# Intarsia Eagle



## lmm211 (Aug 19, 2011)

I decided to post a picture of the bald eagle I have just made because I haven't seen any others around that are like it. It is only my fourth ever intarsia and my first in several years so I am pleased with how it turned out, although I could have paid more attention to the details and the fit when I finally glued it! I drew the design from a random eagle picture I liked. Any comments/suggestions for next time (apart from reducing the gaps)?


----------



## wdkits1 (Jan 16, 2009)

Hi Imm211
Nice job on the eagle. Even the best of us have gaps in our intarsia. The trick is knowing how to conceal them. One of the tricks that I use is to use a black marker to outline the backer board where the pieces fit together. By not being able to see the backer through the gaps will really help the over all appearance of the piece. Another trick is to remove any irregularities between pieces by holding the pieces together and cutting between them until the gaps are gone. Good luck on your next creation


----------



## sawdustfactory (Jan 30, 2011)

Very nice.


----------



## scoffey (Mar 1, 2011)

Very nice! I also do intarsia and a good tip i learned is to pick a part of the pattern line to cut and always cut on that side. whether it be to the left of the line, the middle, or the right. I cut thru the middle of the line on my projects and come out with a tight fit. good luck!


----------



## Kenbo (Sep 16, 2008)

Nice work indeed. I think you've done a great job.

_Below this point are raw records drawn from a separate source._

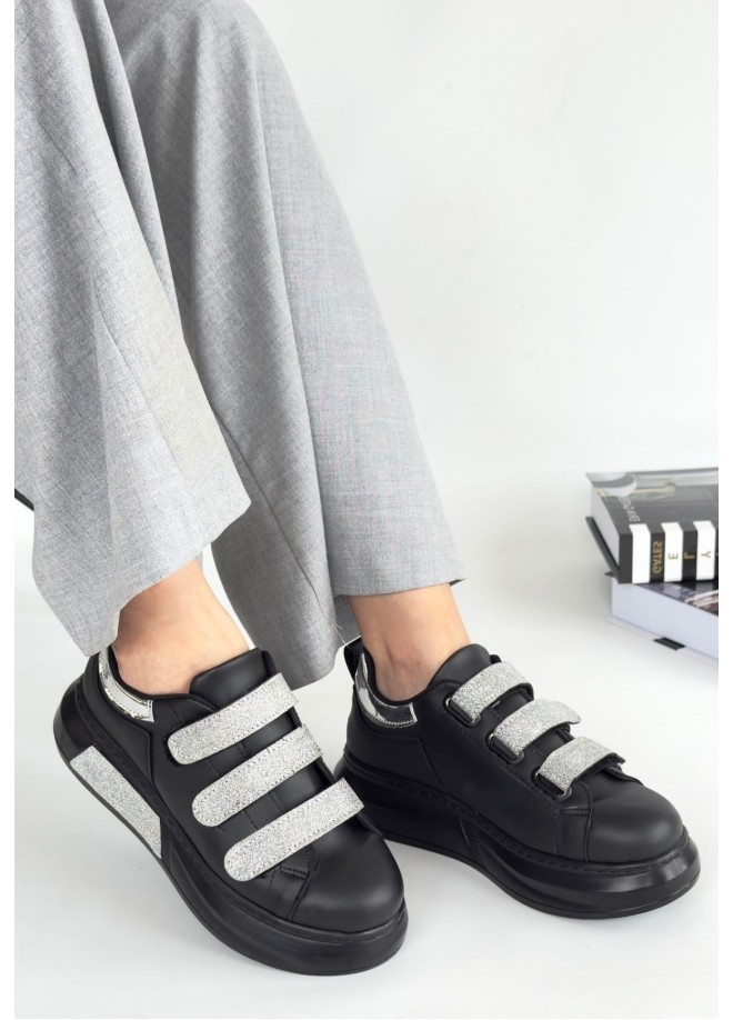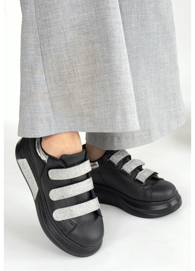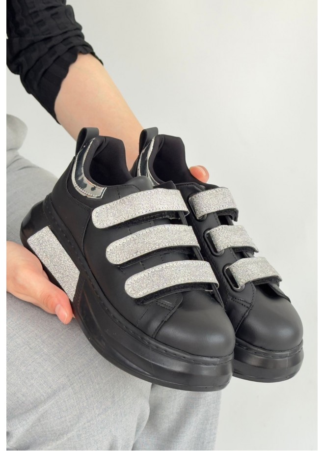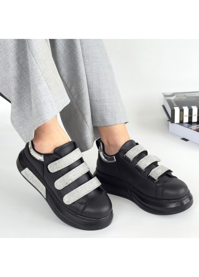 Elika Siyah Cilt Simli Cırt Cırtlı Spor Ayakkabı
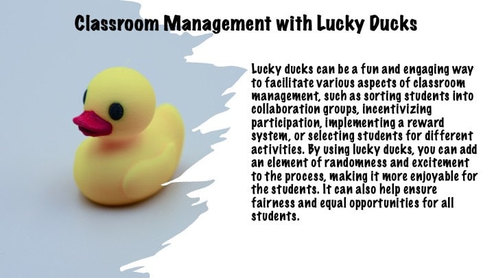 Lucky ducks can be a fun and engaging way to facilitate various aspects of classroom management, such as sorting students into collaboration groups, incentivizing participation, implementing a reward system, or selecting students for different activities. By using lucky ducks, you can add an element of randomness and excitement to the process, making it more enjoyable for the students. It can also help ensure fairness and equal opportunities for all students.
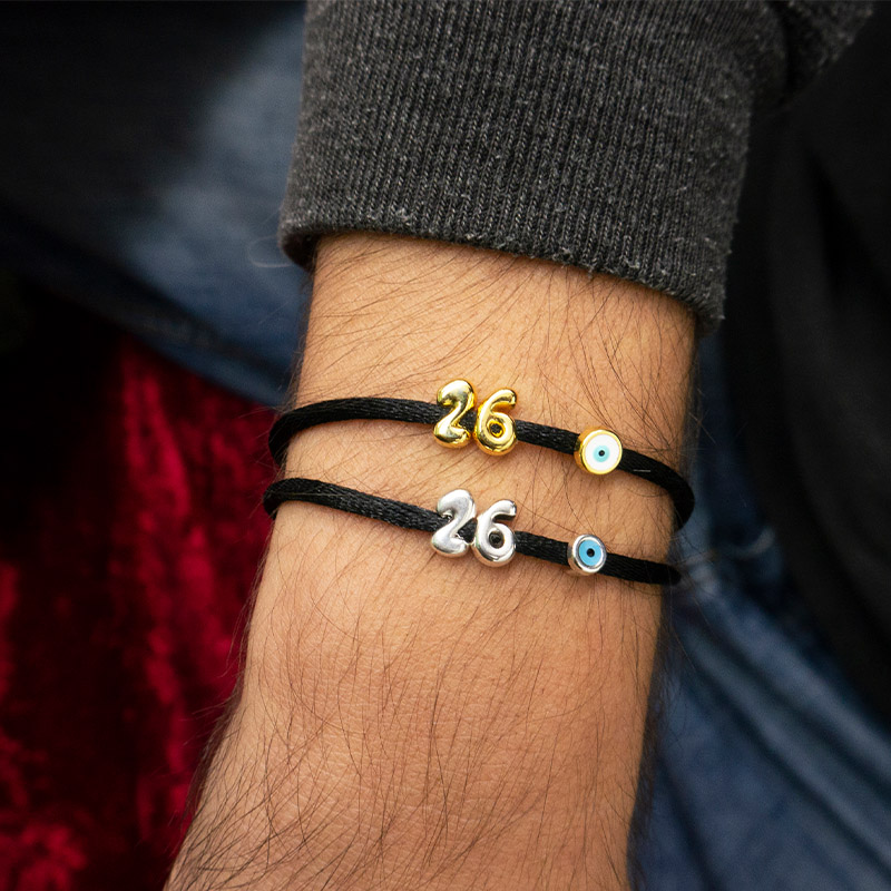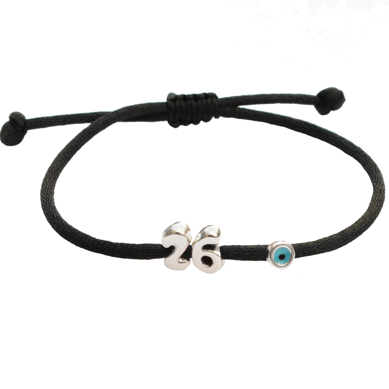 Κάνε δώρο στους αγαπημένους σου ένα μοναδικό, unisex, χειροποίητο βραχιόλι γούρι 26 με ματάκι! Τα βραχιόλια είναι φτιαγμένα από ανθεκτικό, επαργυρωμένο ΖΑΜΑΚ 999ο ( ασημί) ή επυχρυσωμένο ΖΑΜΑΚ 24Κ, περασμένα σε κόκκινο μπορντό ή μαύρο σατέν κορδόνι και μπορούν να μετακινηθούν. Το βραχιόλι κλείνει με πλέξη μακραμέ και αυξομειώνεται ως προς το μήκος, για να προσαρμόζεται σε κάθε καρπό.
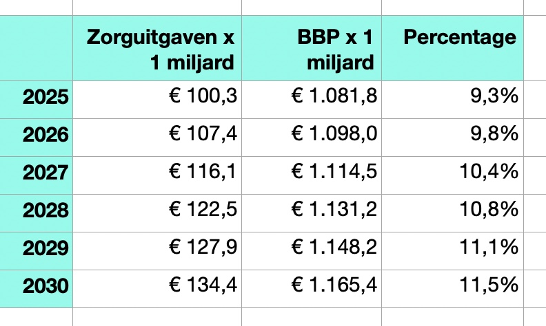 In dit overzicht stijgt het percentage voor zorg in procenten van het BBP (datgene wat we met z’n allen produceren/verdienen) van 9,3% naar 11,5%. Dat is zeer ver verwijderd van de doembeelden van een kwart van wat we met elkaar gaat naar zorg. Is 11,5% van wat we met elkaar produceren/verdienen teveel voor zorg? Het onderwerp dat heel veel kiezers het belangrijkste vinden? Laten we elkaar niet gek maken met verhalen dat de zorg onbetaalbaar wordt. Ja, de kosten stijgen, maar kijk ook altijd naar het BBP om te beoordelen of het wel of niet maatschappelijk te dragen is.
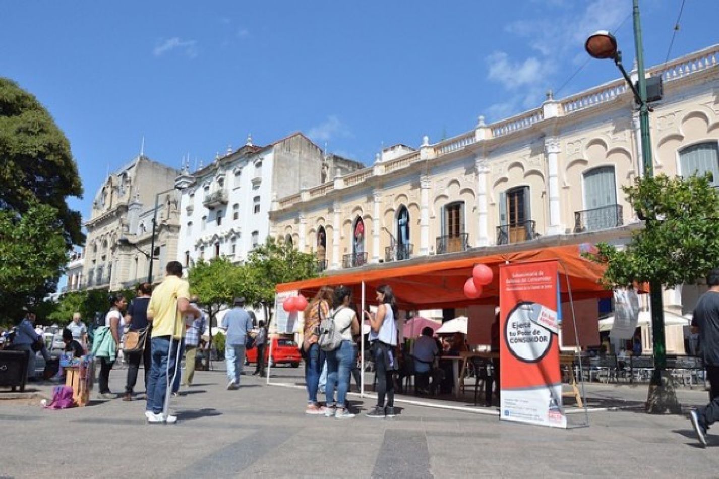 El objetivo es acompañar en un espacio clave del centro de la ciudad, donde además se encuentran bancos, financieras, empresas de tarjetas de crédito, de telefonía celular, entre otros rubros, para concientizar e informar sobre los derechos y la importancia de hacer un consumo responsable en relación al medio ambiente.
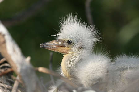 Newborn Snowy Egret - Egretta thula - chicks on nest in St Augustine, Florida.
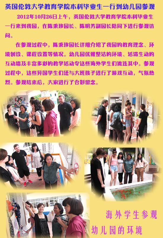 2012年英国伦敦大学教育学院本科毕业生一行到幼儿园参观
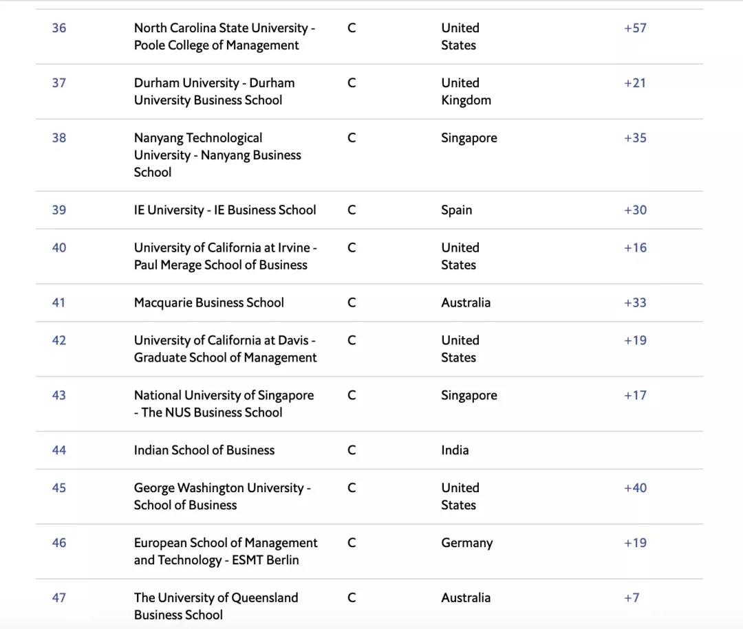 与其他榜单不同的是,经济学人MBA榜单并没有排名并列的情况。但是排名相近的商学院差距非常的小,经济学人将商学院的MBA项目进行了评级(A-E),旨在将分数相近的MBA归为同一等级。
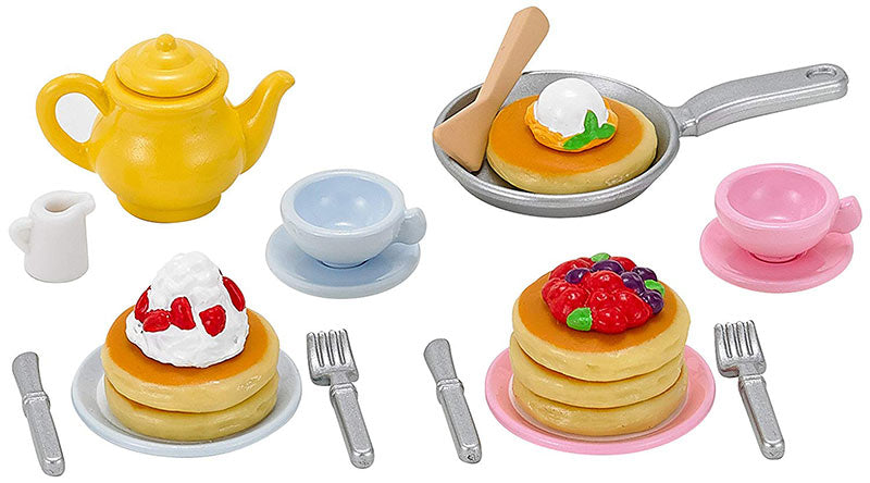 What could be better than pancakes? This set is suitable for making breakfast for the whole family. Including six pancakes and three kinds of delicious toppings, it has everything the sylvanians need to make and nibble on these yummy breakfast treats. It includes utensils, cutlery and a teapot too of course - you can't have pancakes without tea.
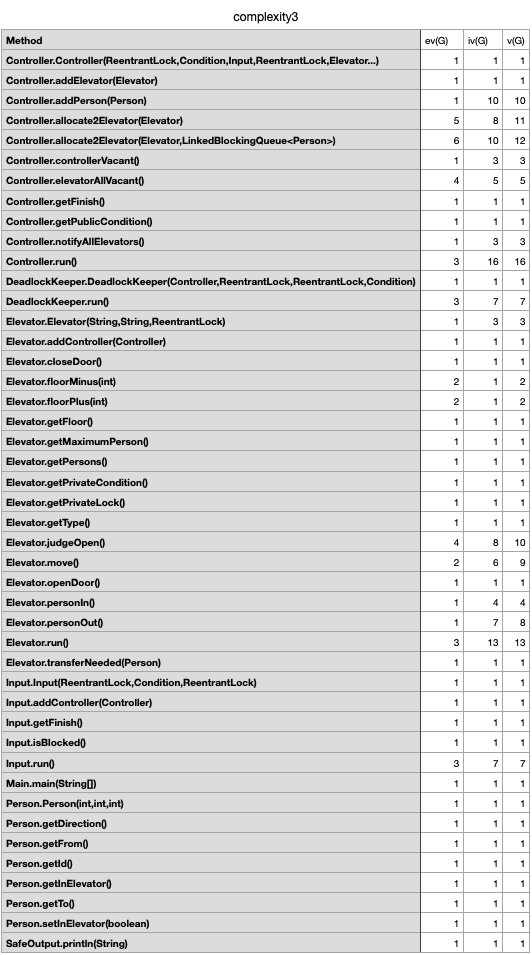 - 具体到方法上,可以说也是比较不错的,没有出现特别复杂的方法。相对比较复杂的方法除了run之外,还有Controller的addPerson(需要判断加入A, B, C三个队列的哪一个),allocate2Elevator(需要根据电梯种类以及是否为空进行分配),Elevator的judgeOpen(判断是否需要开门),move(判断当前需要运行的方向并运行)。
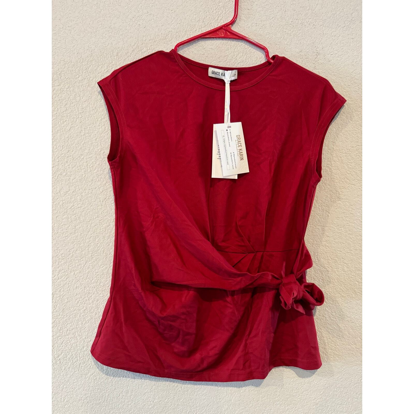 Add a touch of chic to your wardrobe with this Twisted Waist Round Neck Blouse Top in red. This stylish top features a unique twisted waist design that creates a flattering and eye-catching silhouette. The sleeveless design is perfect for warm weather or layering under jackets and cardigans. New with tags, this Grace Karin blouse is a must-have for any fashion-conscious woman. Measurements: Pit to pit 17" Condition: Overall in excellent used condition with no noticeable signs of use. It has been kept in a smoke-free and pet-free home with no unpleasant smell. Have questions? Leave a comment, and I’ll be happy to help! Enjoy fast shipping on all orders, and bundle more items to score huge discounts!
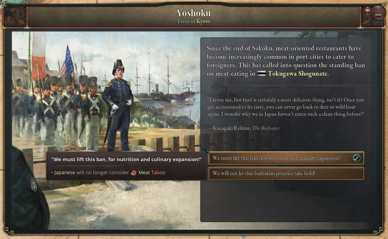 - 上記のほか、プレイヤーが日本としてプレイする際に起こる多くのイベントを追加した。史実の自然災害、西洋文化が日本社会に与えた影響、江戸時代の娯楽施設に対する日本政府の政策などが含まれる。
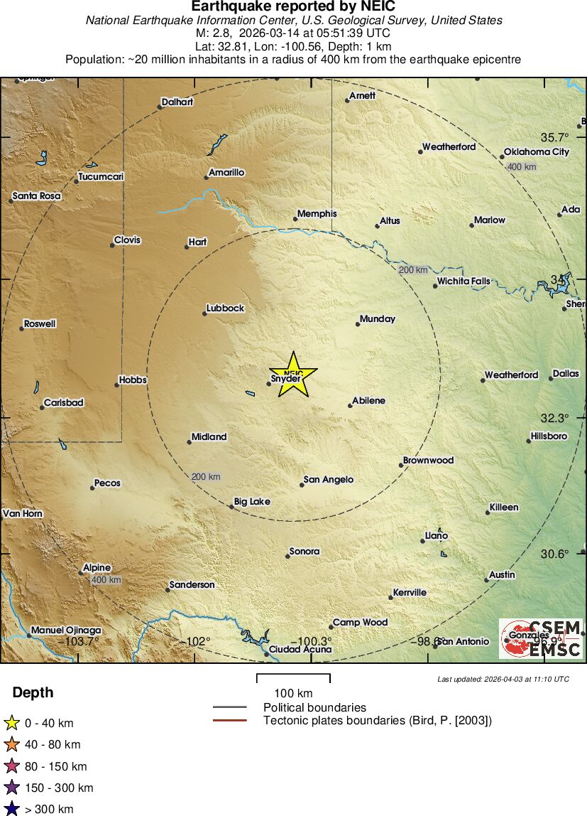 | 2.8 | 4.6 | 8795 | 06:51 | Link | Minor Earthquake - WESTERN TEXAS - Today |
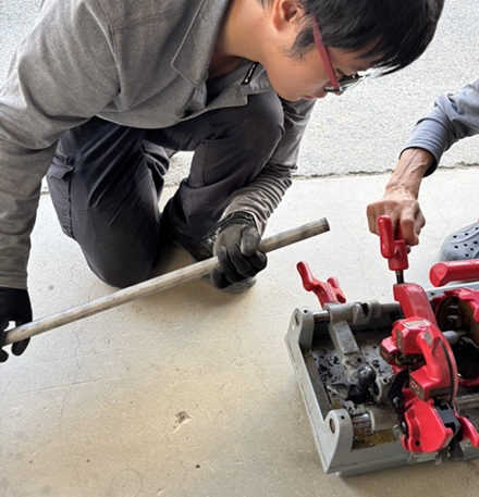本日の講習では、配管工事や設備施工に欠かせない工具である「ねじ切り機(パイプマシン)」の実習を行いました。
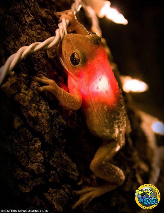 美国佛罗里达棕榈滩的摄影师詹姆士·希德的花园用很多彩灯装饰,一天晚上,他在一棵芒果树上看到了这只亮闪闪的树蛙。他发现一只树蛙吞下了它无法消化的东西。
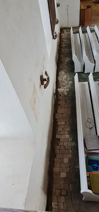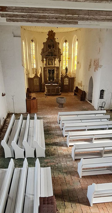 Nossendorf Kirche aktuelle Situation Noch immer die gähnenden Löcher unter der Orgel. Müssen geschlossen werden.
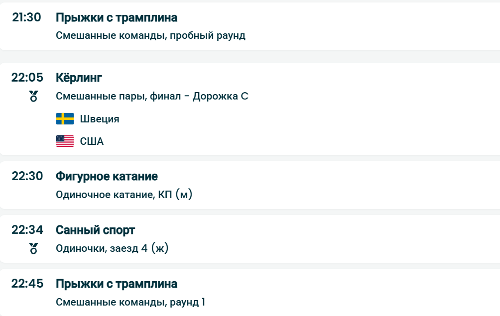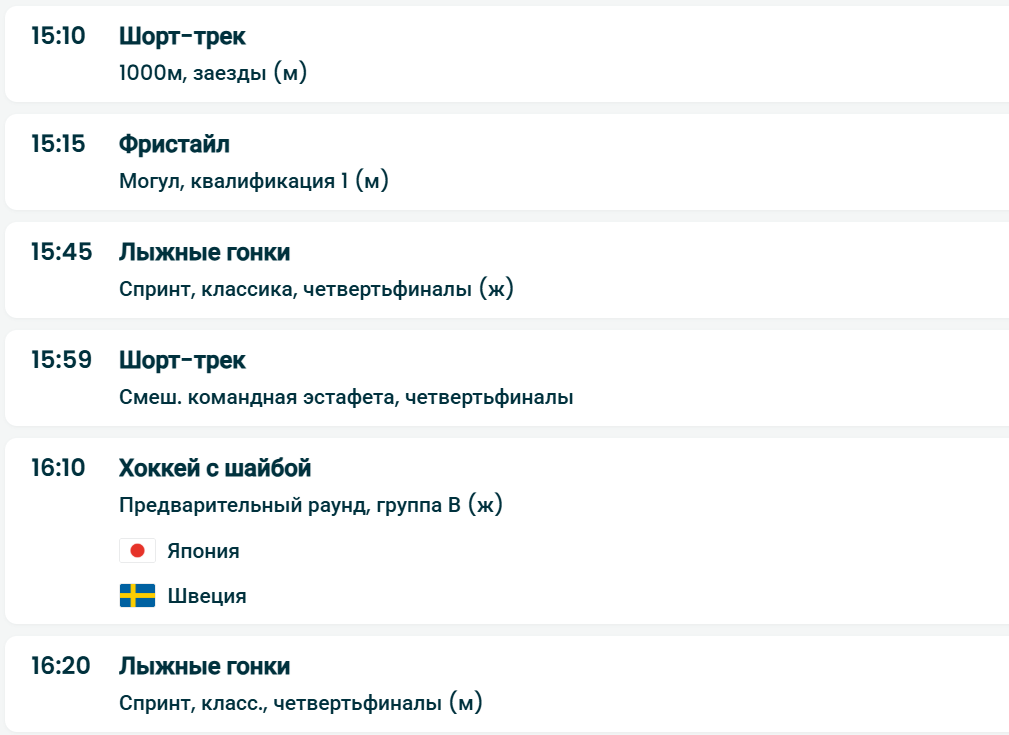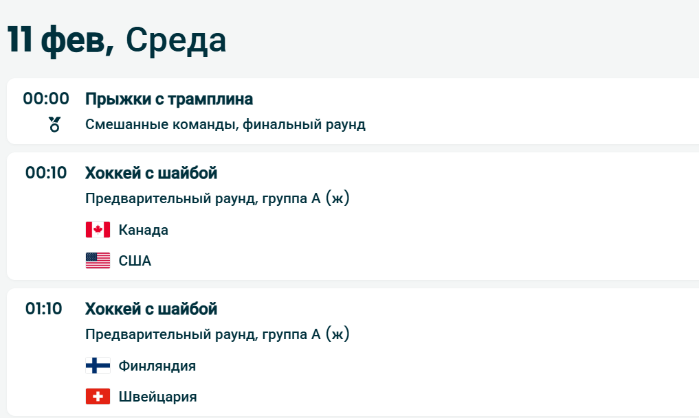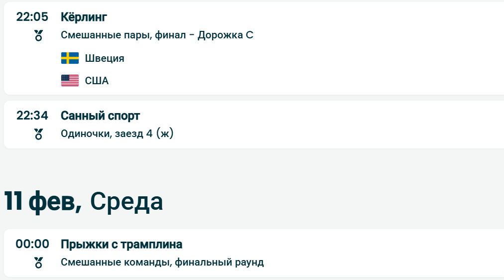 Полная программа соревнований Олимпиады-2026 на 10 февраля

Nice to see you posting again Mike (wdkits1) I thought you'd left us. Glad to see you're still around.


----------



## Warnock (Apr 4, 2011)

*Salute the Eagle*

Very nice job on the Eagle. I had to look to see the gaps you talked about, so don't worry they are blatently obvious.

Well done on the Eagle.


----------



## Ted Tolstad (Feb 20, 2011)

Very nice job. Good looking Eagle.


----------



## mn pete (Dec 10, 2010)

Good job bud!


----------



## lmm211 (Aug 19, 2011)

Thanks guys, that's good to hear! I'll definitely be using those tips, especially the black marker one in the future, simple but brilliant


----------



## ACP (Jan 24, 2009)

Every project we make we see our errors that others often don't. I don't do Intarsia and looking at your eagle with my novice eyes all I see is awesome. I would be proud to display that anywhere in my house. I think it's great.


----------



## cabinetman (Jul 5, 2007)

Great looking eagle. Well done. 

I carved one, but not an intarsia. I may have to give it a try.













 







.


----------



## Leatherneck (Dec 14, 2008)

very nice .. the claws look 3D .. I can see a fish there :thumbsup:


----------